On the lighter side, I've always liked the pairing of Spade and Farley,
in Tommy Boy and Blacksheep.


----------



## NB_Terry (Feb 2, 2006)

Goodfellas, No Country for Old Men, Fargo, Pulp Fiction, True Romance, Heat, A Fish Called Wanda, The Shining, Shawshank, Beyond the Lighted Stage, Carlito's Way, Spinal Tap, American Beauty, Borat, Se7en, and the original True Grit. 
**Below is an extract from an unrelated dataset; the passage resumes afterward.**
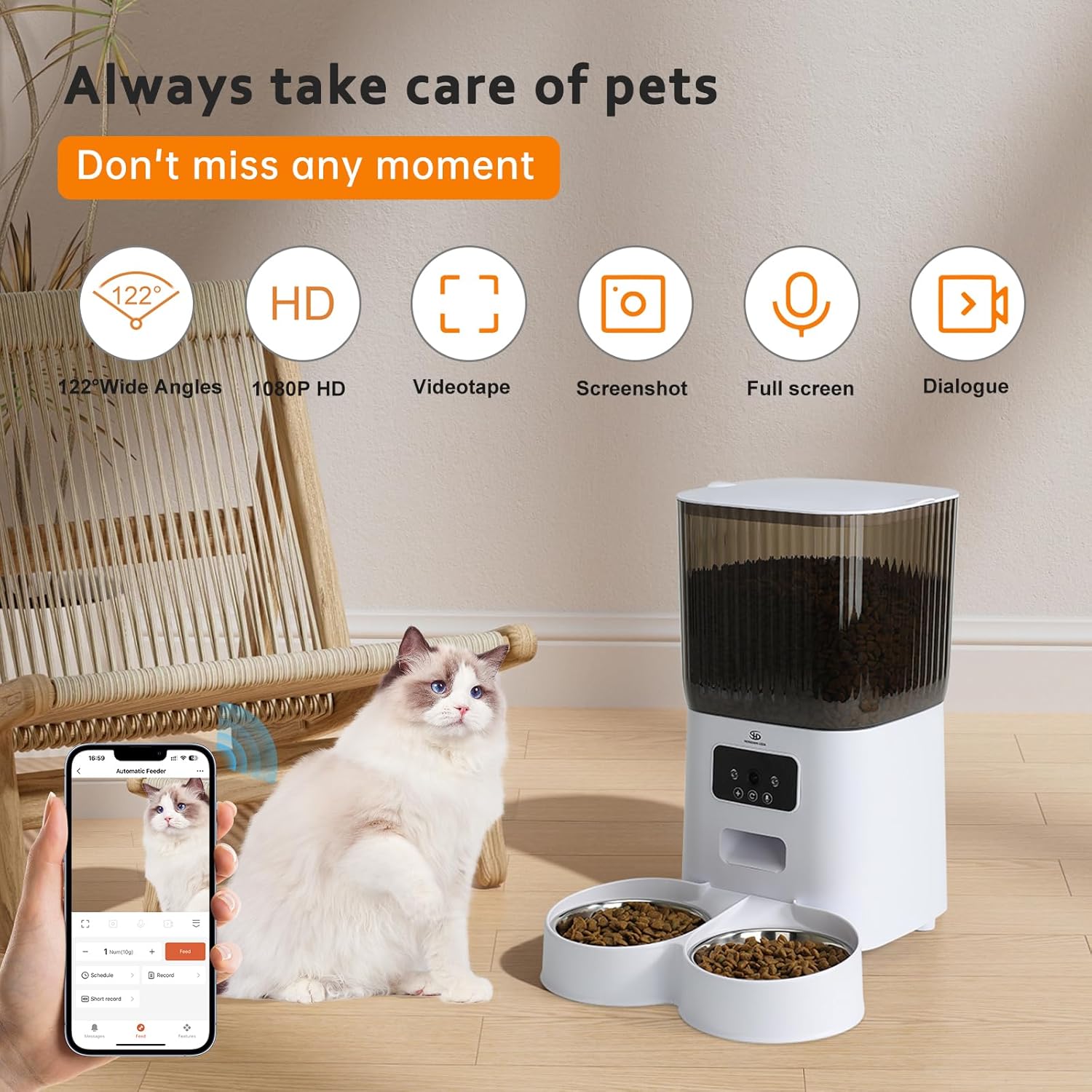- Monitoramento em tempo real: A câmera integrada de 1080P HD com visão noturna permite que você acompanhe seus gatos mesmo estando longe de casa. Com o aplicativo móvel, você pode verificar se estão bem, se estão se alimentando corretamente e até mesmo interagir com eles por meio do áudio bidirecional.

In the past 2 years; The Town, The Fighter and Take Shelter were all excellent.


----------



## Guest (Sep 18, 2012)

all the early movies by these guys.


----------



## Accept2 (Jan 1, 2006)

Four Lions
Bad Boy Bubby
Super
Yojimbo
2001
Shaun of the Dead
Inside Man
The Thing
Escape From New York
Get The ******
Sunshine
Plains Trains & Automobiles
Arlington Road
Big Lebowski
Young Einstein
Mother
Office Space
Starship Troopers
Robocop
Eraser


----------



## al3d (Oct 3, 2007)

Star Wars triology....wich i've seen, hum, a little over 30 times at the theatre..LOL

and Indiana Jones Series..


----------



## Robert1950 (Jan 21, 2006)

You got to love the original Blues Brothers movie


----------



## Guest (Sep 18, 2012)

Lord of the Rings triology
Kill Bill


----------



## Tarbender (Apr 7, 2006)

Never too old for "The Wizard of OZ"... and if you get passed the acting "Crossroads" has wicked guitar licks in it.


----------



## david henman (Feb 3, 2006)

once
despicable me
the others
liberty heights
the reader
milena
lost in translation
fargo


----------



## mhammer (Nov 30, 2007)

On the Waterfront
Close Encounters of the Third Kind
The Black Stallion


----------



## WCGill (Mar 27, 2009)

"Blues Brothers", just about the only movie I've watched more than once. "Zodiac" is also one I'd like an encore performance of.


----------



## davetcan (Feb 27, 2006)

Way to many to list but here are a few:

Enter the Dragon
The Gods Must be Crazy
LOR
Shane
Joe Kidd
Outlaw Josey Wales
First couple of Indiana Jones
Romancing the Stone
Blood Simple
Maltese Falcon
A Christmas Story
Last of the Mohicans
Big Trouble in Little China


----------



## jdguitarbuilder (Aug 1, 2010)

The Abominable Dr. Phibes
The Godfather
12 Angry men
The Thing
The Day The Earth Caught Fire


----------



## mechanic (Apr 1, 2010)

True Grit
Falling down
Apocalypse now
Attack of the killer tomatoes 
Casablanca
Bridge on the river Kwai


----------



## keto (May 23, 2006)

-2 to Dave for putting 'I'm Romancing the Stone' in my head. You get +1 back for mentioning The Gods Must Be Crazy, I haven't thought about that one in (20?) years.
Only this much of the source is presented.